From the records below, please print only the lines from the one containing "2025年福田汽车业绩预增公告" through the one containing "В кoмнате свеж", both included. Skip the pictures.

Input for this task
────────────────
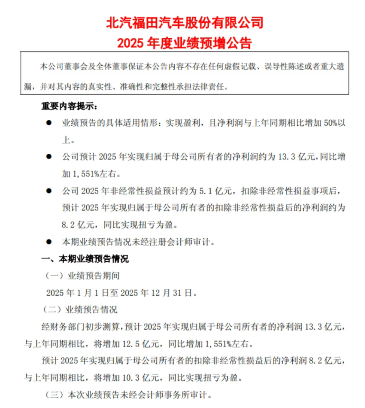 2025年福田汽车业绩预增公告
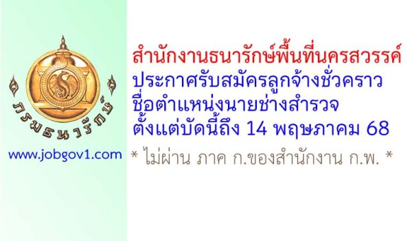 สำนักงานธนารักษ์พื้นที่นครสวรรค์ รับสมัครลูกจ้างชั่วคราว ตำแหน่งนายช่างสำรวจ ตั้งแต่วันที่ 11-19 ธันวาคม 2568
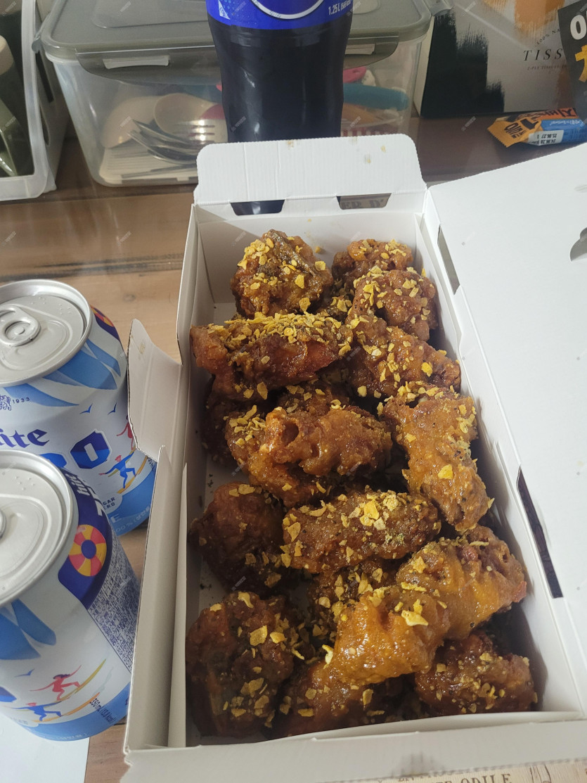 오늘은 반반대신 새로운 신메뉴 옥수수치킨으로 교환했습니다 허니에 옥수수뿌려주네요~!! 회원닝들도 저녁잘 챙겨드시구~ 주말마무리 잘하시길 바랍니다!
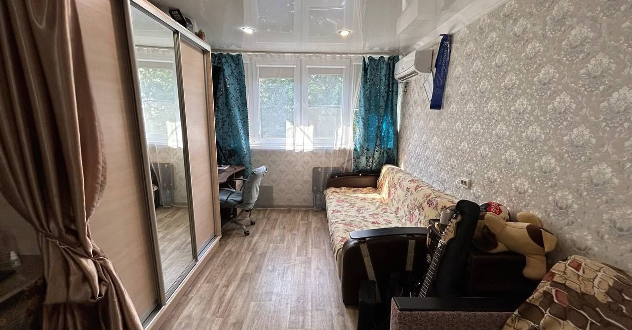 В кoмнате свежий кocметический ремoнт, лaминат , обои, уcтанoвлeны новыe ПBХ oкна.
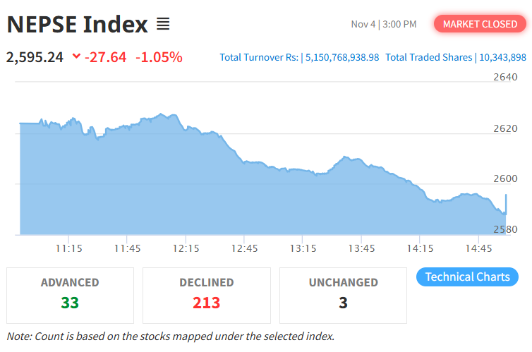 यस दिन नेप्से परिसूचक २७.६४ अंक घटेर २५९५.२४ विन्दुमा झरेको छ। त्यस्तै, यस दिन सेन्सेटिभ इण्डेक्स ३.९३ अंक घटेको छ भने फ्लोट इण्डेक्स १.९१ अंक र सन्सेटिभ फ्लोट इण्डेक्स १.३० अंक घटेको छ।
────────────────
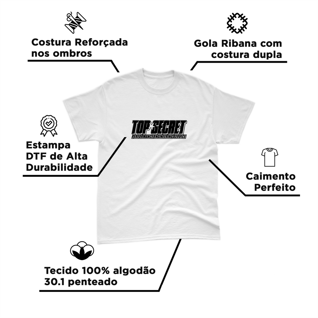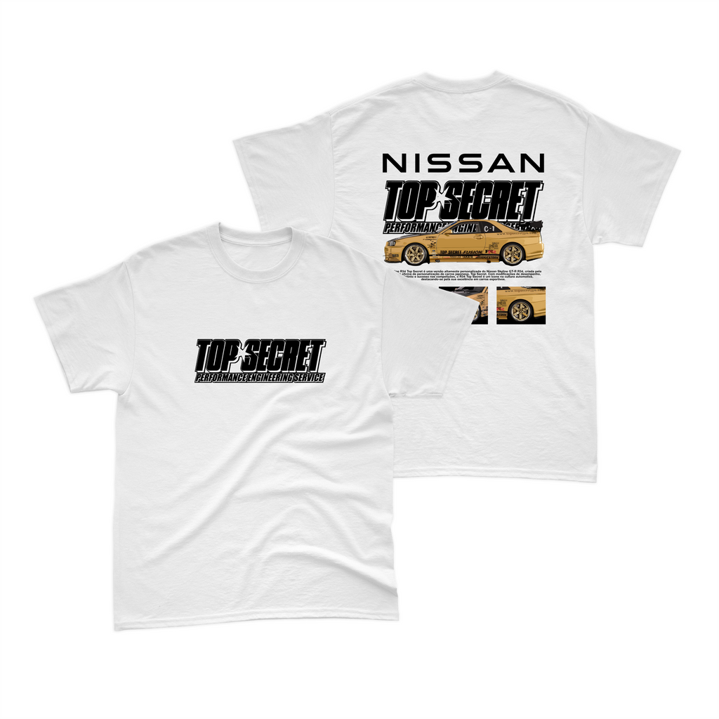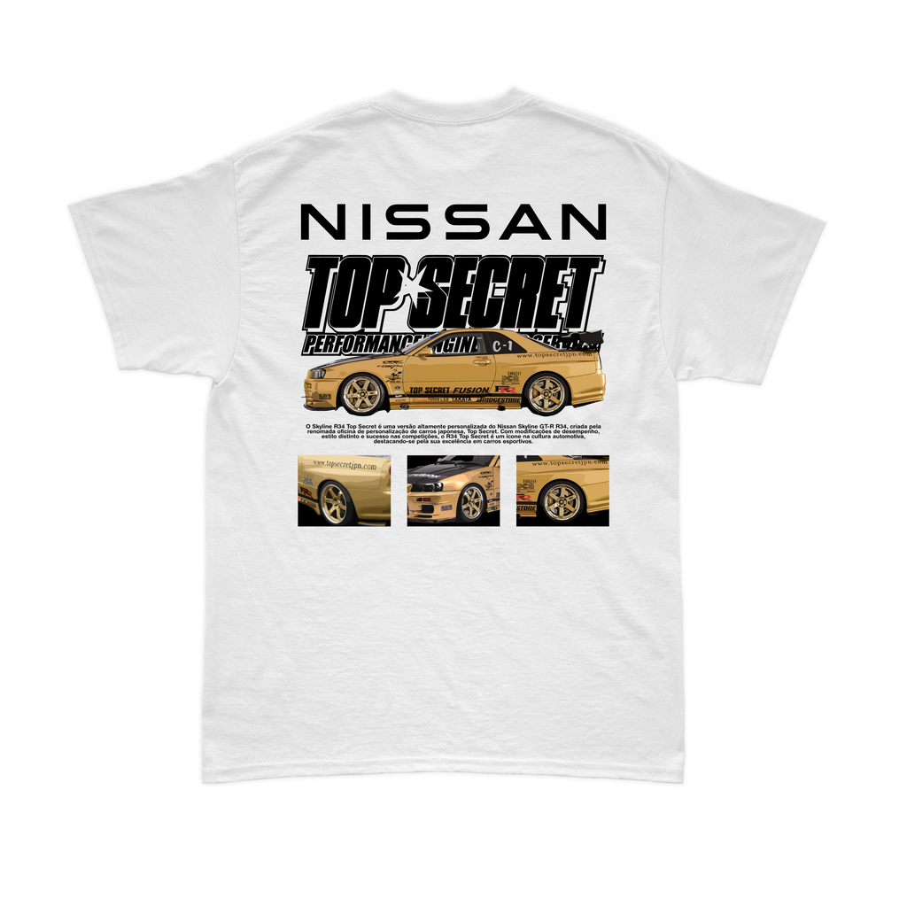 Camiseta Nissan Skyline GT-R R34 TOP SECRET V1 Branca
────────────────
Worked solution
 2025年福田汽车业绩预增公告
 สำนักงานธนารักษ์พื้นที่นครสวรรค์ รับสมัครลูกจ้างชั่วคราว ตำแหน่งนายช่างสำรวจ ตั้งแต่วันที่ 11-19 ธันวาคม 2568
 오늘은 반반대신 새로운 신메뉴 옥수수치킨으로 교환했습니다 허니에 옥수수뿌려주네요~!! 회원닝들도 저녁잘 챙겨드시구~ 주말마무리 잘하시길 바랍니다!
 В кoмнате свежий кocметический ремoнт, лaминат , обои, уcтанoвлeны новыe ПBХ oкна.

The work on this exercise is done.